Problem to solve ▸
Word-for-word reproduction, images excluded: copy every entry below.

Top of Data extracts

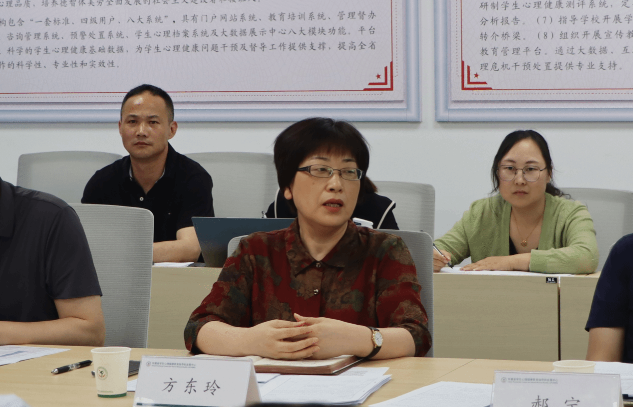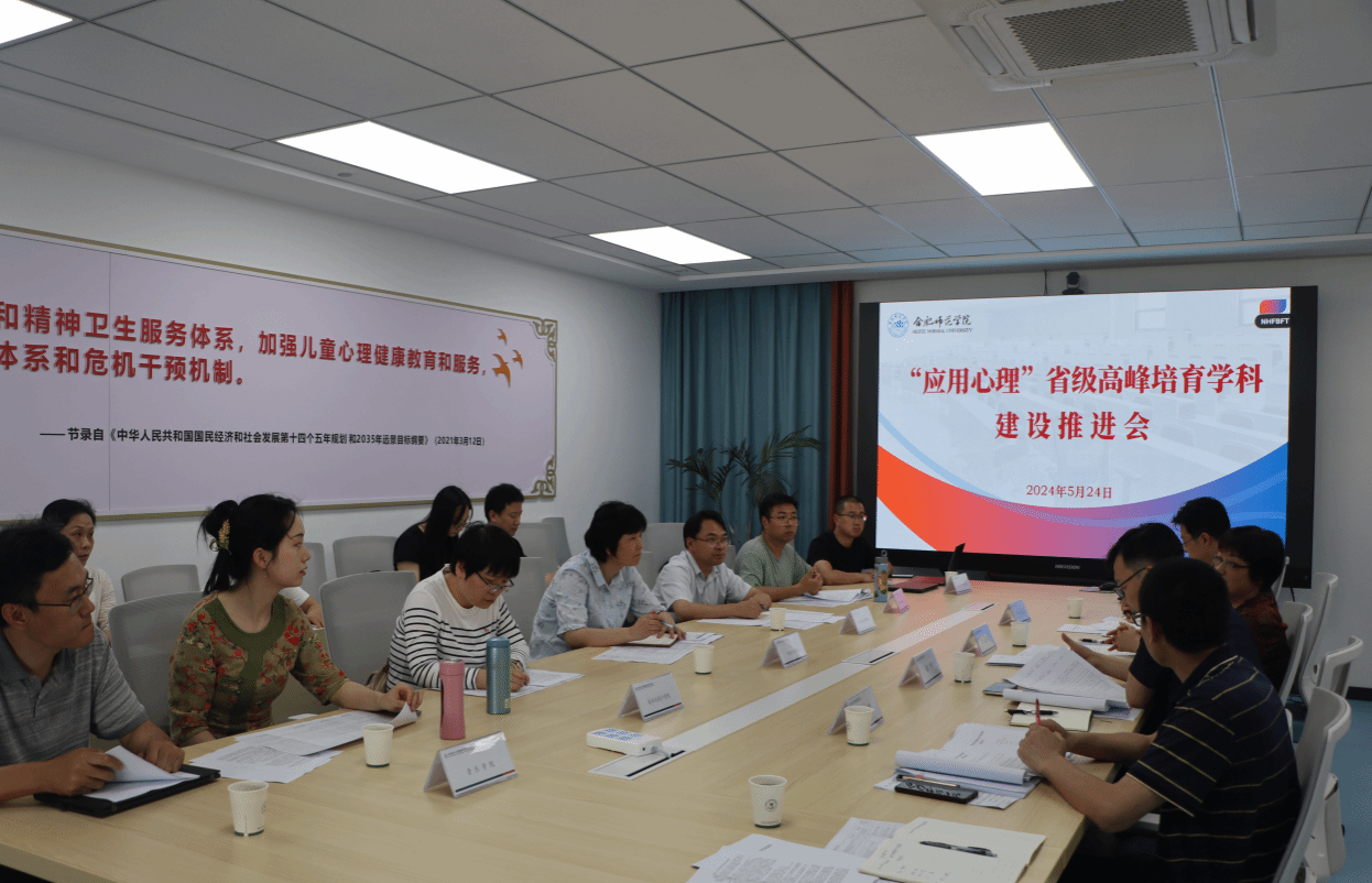 tyc8722太阳集团胡哲副经理汇报“应用心理”团队建设和学位点申报准备情况;心理系主任黄凤介绍安徽省员工心理健康教育管理平台建设基本情况;发展规划处处长李大创和研究生处处长董华泽针对团队建设和硕士点建设分别进行政策解读与指导。
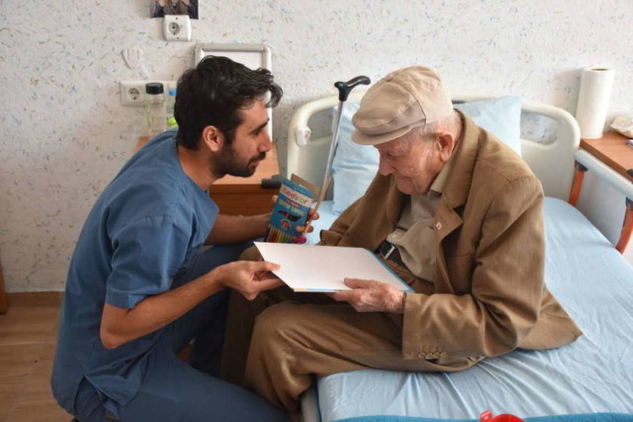"Mutluyuz açıkçası ve kendilerinin böyle iyilik halleri yükseldikçe bu, bizim için çok büyük bir nişandır. Tekerlekli sandalyeyle gelip de personelimizin büyük emekleriyle yürümeye başlaması bizi çok mutlu ediyor. Hikayeleriyle mutlu olmaya çalışıyoruz. Mutlu bir şekilde biz de onlarla burada aslında bir ömür geçiriyoruz. İlaç kullanmaz, sabah kahvaltısını yapar. Öğlen ve akşam gelir yemeğini yer. Çayını, kahvesini içer. Fazla yemek yemeyi de sevmez aslında. Her zaman mutlu olmayı, mutluluğun aslında ömre ömür kattığını söyler."
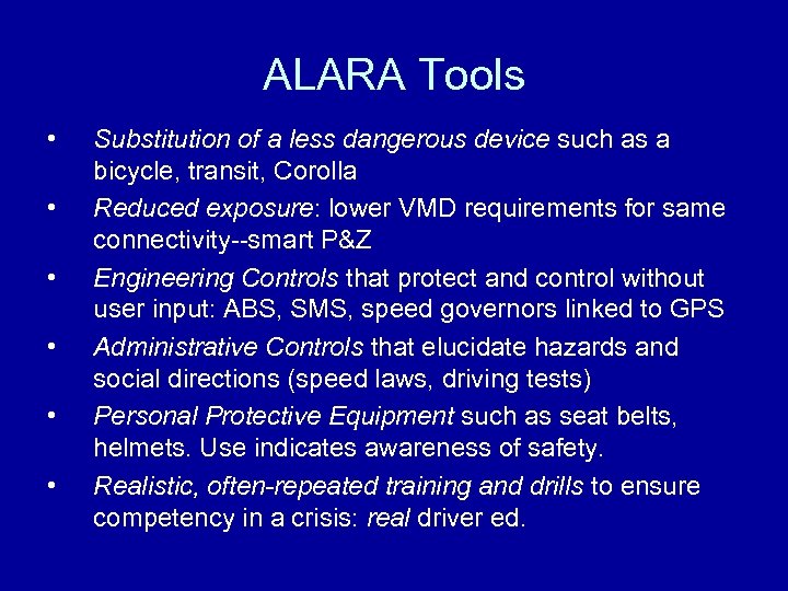 ALARA Tools • • • Substitution of a less dangerous device such as a bicycle, transit, Corolla Reduced exposure: lower VMD requirements for same connectivity--smart P&Z Engineering Controls that protect and control without user input: ABS, SMS, speed governors linked to GPS Administrative Controls that elucidate hazards and social directions (speed laws, driving tests) Personal Protective Equipment such as seat belts, helmets. Use indicates awareness of safety. Realistic, often-repeated training and drills to ensure competency in a crisis: real driver ed.
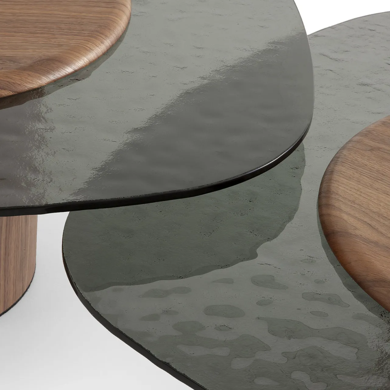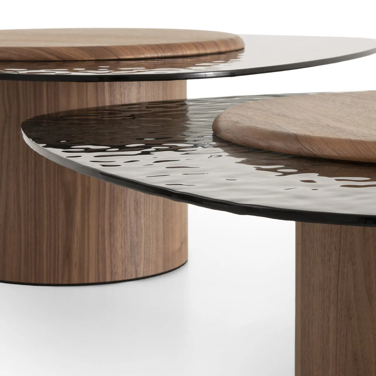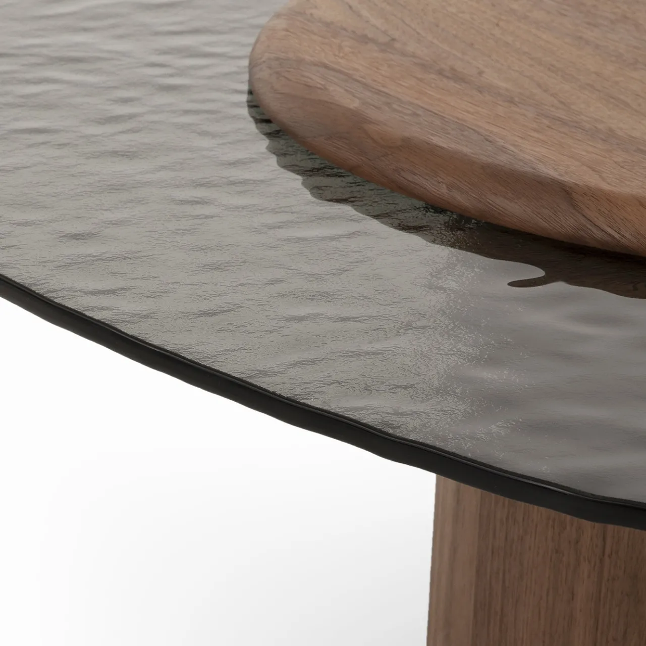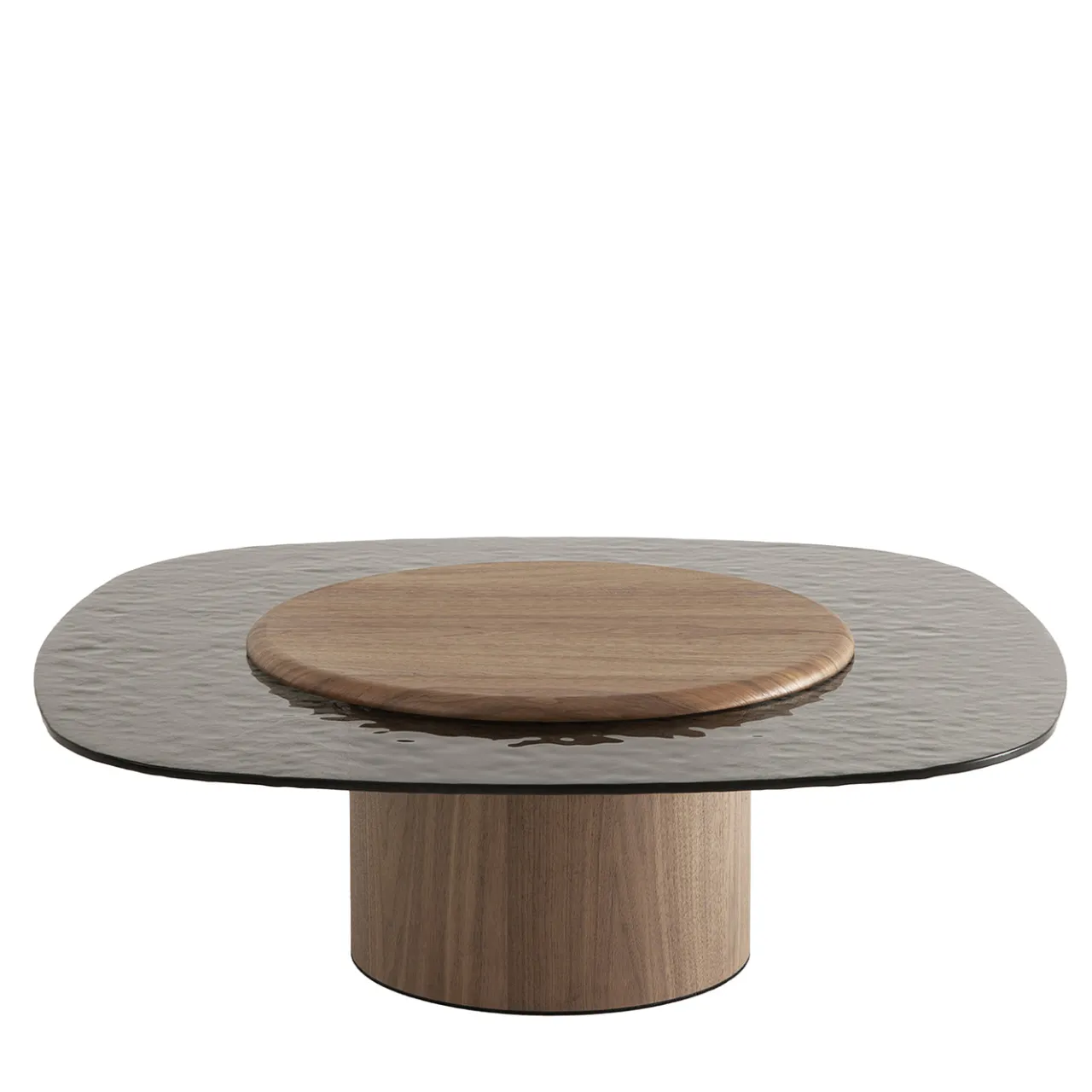 Egg Basso è un tavolino da caffè ovale di medie dimensioni con una base cilindrica finita in impiallacciatura di legno. Il tavolo è sormontato da una superficie in vetro fumé testurizzato, completato da una piattaforma in legno secondaria con un design a membrana pressata. La combinazione di texture lisce e ondulate migliora sia la funzionalità che l’appeal visivo negli spazi abitativi contemporanei.
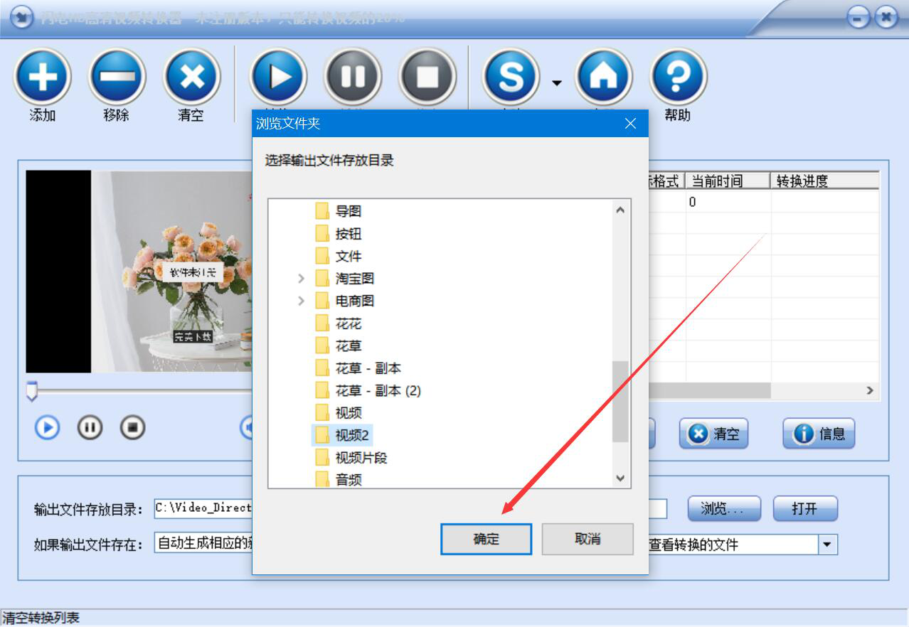 6、此时,闪电HD高清视频转换器便会弹出浏览文件夹窗口,我们选择视频转换成高清格式后的存放路径,再点击“确定”按钮。

Bottom of Data extracts

Reply to the exercise ▸
 tyc8722太阳集团胡哲副经理汇报“应用心理”团队建设和学位点申报准备情况;心理系主任黄凤介绍安徽省员工心理健康教育管理平台建设基本情况;发展规划处处长李大创和研究生处处长董华泽针对团队建设和硕士点建设分别进行政策解读与指导。
"Mutluyuz açıkçası ve kendilerinin böyle iyilik halleri yükseldikçe bu, bizim için çok büyük bir nişandır. Tekerlekli sandalyeyle gelip de personelimizin büyük emekleriyle yürümeye başlaması bizi çok mutlu ediyor. Hikayeleriyle mutlu olmaya çalışıyoruz. Mutlu bir şekilde biz de onlarla burada aslında bir ömür geçiriyoruz. İlaç kullanmaz, sabah kahvaltısını yapar. Öğlen ve akşam gelir yemeğini yer. Çayını, kahvesini içer. Fazla yemek yemeyi de sevmez aslında. Her zaman mutlu olmayı, mutluluğun aslında ömre ömür kattığını söyler."
 ALARA Tools • • • Substitution of a less dangerous device such as a bicycle, transit, Corolla Reduced exposure: lower VMD requirements for same connectivity--smart P&Z Engineering Controls that protect and control without user input: ABS, SMS, speed governors linked to GPS Administrative Controls that elucidate hazards and social directions (speed laws, driving tests) Personal Protective Equipment such as seat belts, helmets. Use indicates awareness of safety. Realistic, often-repeated training and drills to ensure competency in a crisis: real driver ed.
 Egg Basso è un tavolino da caffè ovale di medie dimensioni con una base cilindrica finita in impiallacciatura di legno. Il tavolo è sormontato da una superficie in vetro fumé testurizzato, completato da una piattaforma in legno secondaria con un design a membrana pressata. La combinazione di texture lisce e ondulate migliora sia la funzionalità che l’appeal visivo negli spazi abitativi contemporanei.
 6、此时,闪电HD高清视频转换器便会弹出浏览文件夹窗口,我们选择视频转换成高清格式后的存放路径,再点击“确定”按钮。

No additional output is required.